The same will no doubt be the case during her funeral tomorrow. There are those who still hate her and will go out of their way to show it tomorrow. But those that make the loudest noise, as ever, will not necessarily be right. Maybe they are incapable of rational argument or perhaps after all this time (Thatcher resigned in 1990) their ineffectual resentment has still not evaporated or maybe they are just hateful, but demonstrating at a funeral will not endear them to anyone, nor elicit support for their views. Any violence will no doubt be condemned by all political parties. So such protesters will simply be dismissed as outside normal society.
But a separate debate has arisen which is much more interesting, and important, than whether you still like or dislike Thatcher. The police have said that, in policing the funeral, they are determined not to prevent freedom of speech. In this country, I'm pleased to say, dissent is allowed, even in public. But what is the limit of that dissent? To what extent is freedom of speech, or freedom of expression, or freedom of movement, restricted by public order legislation?

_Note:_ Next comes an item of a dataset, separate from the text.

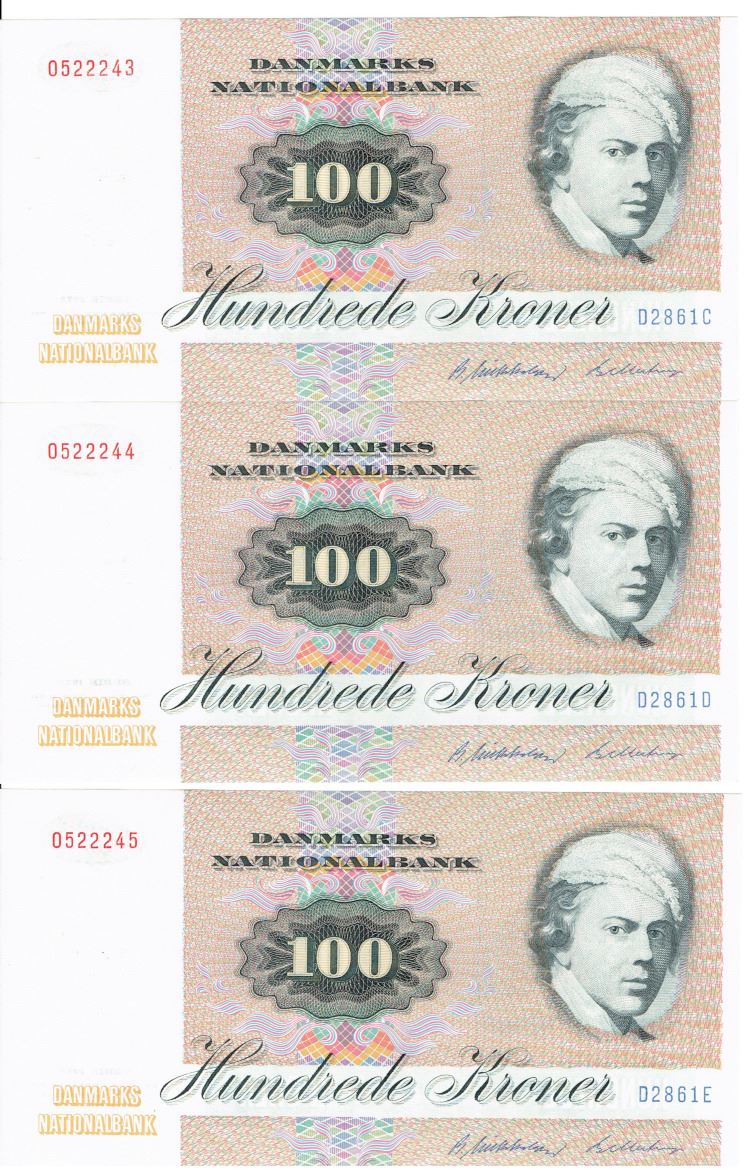 Seddel: 100 kr. 1986 D2861 i kv. 0 3 stk. fortløbende nr.

I am quite firm that freedom of speech should be permitted unconditionally. At any time, in any place. If someone wishes to stand up in church and say that religion is poppycock, that's fine by me. If they want to shout tomorrow that Thatcher was an evil woman, that's OK too. But they can't expect that theirs will be the only view expressed. And this is where demonstrations can run into legal difficulties. Holding up a banner is fine. Chanting what's on the banner is also fine. But when have you seen two opposing groups of demonstrators simply standing together chanting their opposing views? When one group seems to be chanting louder, insults will be bandied, jostling will begin and one group will no doubt soon physically attack the other. So where does the public order offence begin - when the chanting starts? When the chanting takes on an aggressive tone? When physical contact occurs? When the fighting starts? And which group committed the public order offence?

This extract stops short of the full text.